On Monday, General Motors began telling hundreds of salaried IT employees that they were out of a job.
General Motors Cutting Around 600 IT Jobs
General Motors has laid off 500 to 600 employees, primarily affecting IT salaried workers in Austin, Texas, and Warren, Michigan.
The company has confirmed these cuts to Bloomberg News.
In the official statement, they said:
“GM is transforming its Information Technology organization to better position the company for the future. As part of that work, we have made the difficult decision to eliminate certain roles globally.
We are grateful for the contributions of the employees affected and are committed to supporting them through this transition.”
What makes this notable is that GM is not in financial crisis. In fact, the company recently reported strong earnings. That’s why many people see these layoffs as strategic restructuring tied to AI adoption.
The move also continues a trend at GM. They have already carried out several rounds of layoffs over the last two years, including cuts tied to EV slowdowns and engineering reorganization.
But cost-cutting alone doesn't explain why the company is actively recruiting at the same time it's laying people off.
That’s where AI comes in.
General Motors Wants IT Workers with AI Skills
General Motors reportedly wants to replace some traditional IT roles with workers who have stronger AI skills.
They are cutting workers whose expertise no longer aligns with the company’s future priorities.
According to TechCrunch, a source familiar with the situation confirmed that GM is still actively filling IT roles, just for entirely different skill sets.
The company wants people who can build AI from the ground up, not people who just use AI as a productivity shortcut.
Specifically, the most sought-after capabilities include:
- AI-native development: building software with AI baked in from day one, not bolted on later.
- Data engineering and analytics: making sense of massive streams of vehicle and user data
- Cloud-based engineering: managing infrastructure that lives online, not in a building
- Agent and model development: building autonomous AI systems that can act on their own
- Prompt engineering and new AI workflows: designing how humans and AI systems communicate and collaborate
This is not a list of nice-to-haves. For GM, these are now core requirements.

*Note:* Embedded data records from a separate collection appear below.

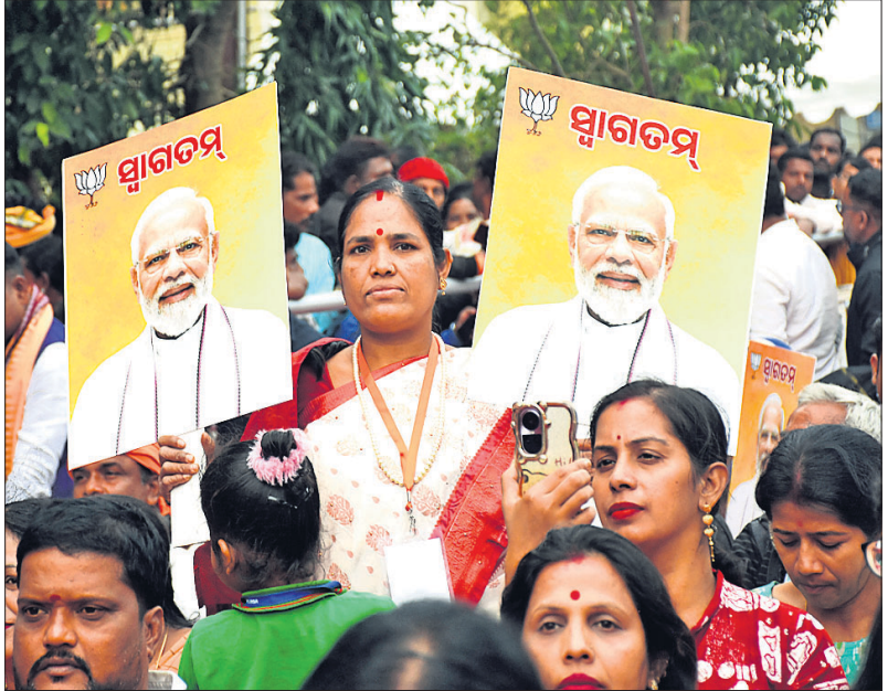
ପ୍ରଧାନମନ୍ତ୍ରୀଙ୍କୁ ସ୍ୱାଗତ ଜଣାଇବା ପାଇଁ ପାରମ୍ପରିକ ନୃତ୍ୟ, ଘୋଡ଼ାନାଚ ସହ ଜନସମାଗମରେ ଜଣେ ମହିଳା ସ୍ୱାଗତମ୍ ପ୍ୟୁକାର୍ଟ ପ୍ରଦର୍ଶନ କରୁଛନ୍ତି।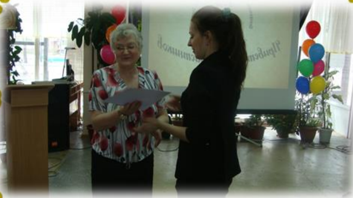
Вручение благодарностей за участие в VI Пушкинских чтениях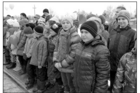
На торжественной церемонии. Дети - будущее посёлка.

Почетное право открытия железнодорожного модульного зала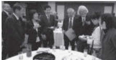
祝賀会での談笑も和やかに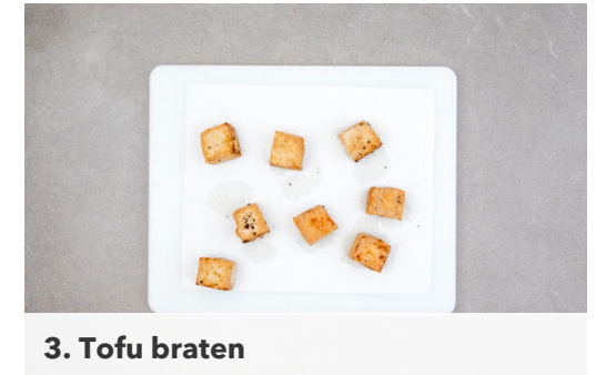
3. Tofu braten

Die Enden der Bohnen abschneiden. Die Paprika vierteln, entkernen und in dünne Streifen schneiden. Die Lauchzwiebel schräg in feine Ringe schneiden, dabei die grünen und weißen Lauchzwiebelringe trennen.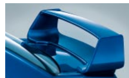
9 Takaspoileri (STI/Sedan) E7210FE000## W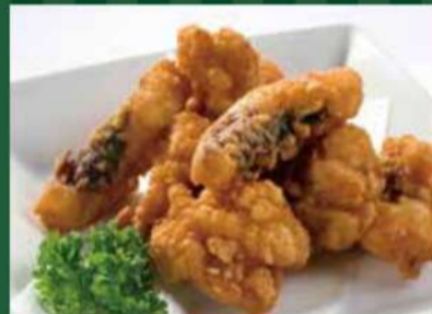
タコの唐揚げ 460円 (税込 506円)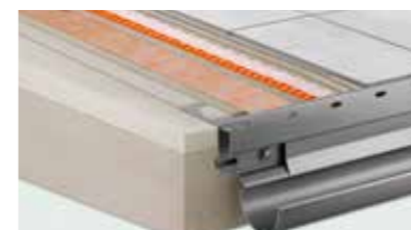
Systèmes pour balcons Schlüter® Solutions complètes pour la construction et la rénovation de balcons et de terrasses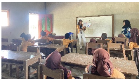
Gambar 12. Kunjungan Literasi Ke Sekolah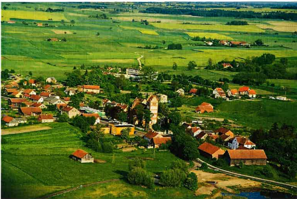
Rys. 6 Panorama miejscowości Kiwity z lotu ptaka

Dominującą przestrzennie jednostką geomorfologiczną, kształtującą krajobraz gminy jest wysoczyzna morenowa o urozmaiconej, na ogół falistej do pagórkowatej rzeźbie.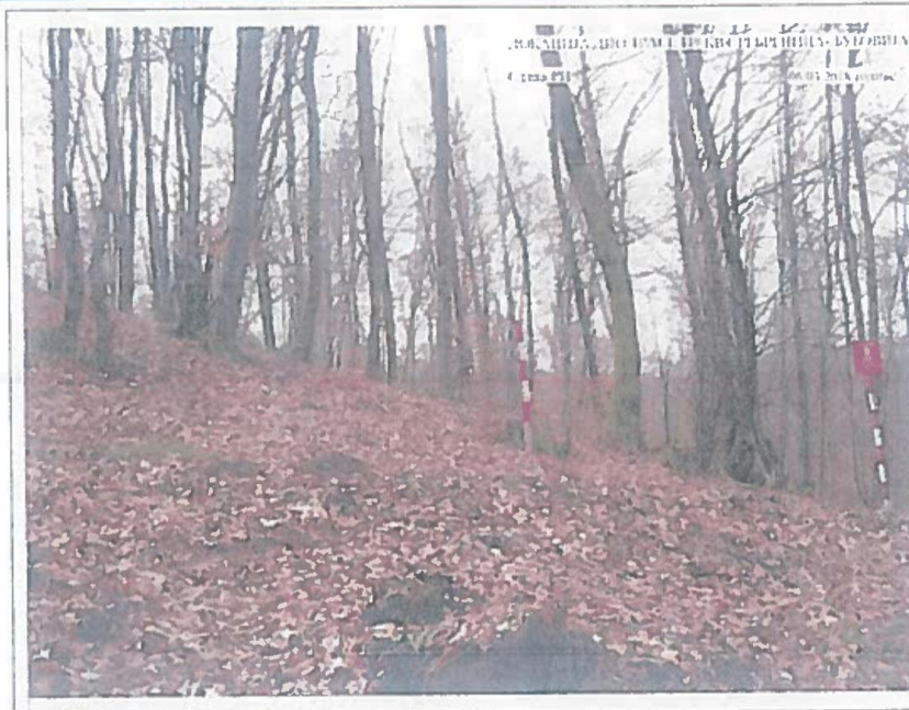
Slikano s tačke 6605603 4892147 pod uglom od 223 stepena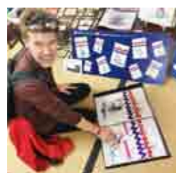
「千住紙のもフェス」に参加。

The old IT worker, the one maintaining legacy databases, managing internal software licenses, or running network infrastructure, is being replaced. Not by machines, but by a professional who knows AI.
If you are in tech, the signal is clear. General skill sets in IT are no longer enough at a company like GM. You have to know AI engineering, model development, and cloud-native architecture.
This is your wake-up call. GM isn't a startup. It's a 117-year-old company that builds physical cars. If they are rebuilding their workforce around AI from the ground up, the shift is already here.
In short, companies are increasingly replacing experienced employees with smaller teams focused on AI and automation skills.
Bottom Line
This reflects a broader shift happening across the automotive industry, where they are behaving like other software companies. AI integration is becoming a core hiring priority for all of them.
So, on one side, we can argue that GM is modernizing for the AI-driven future; this can also be another example of corporations using AI transformation as justification for reducing headcount.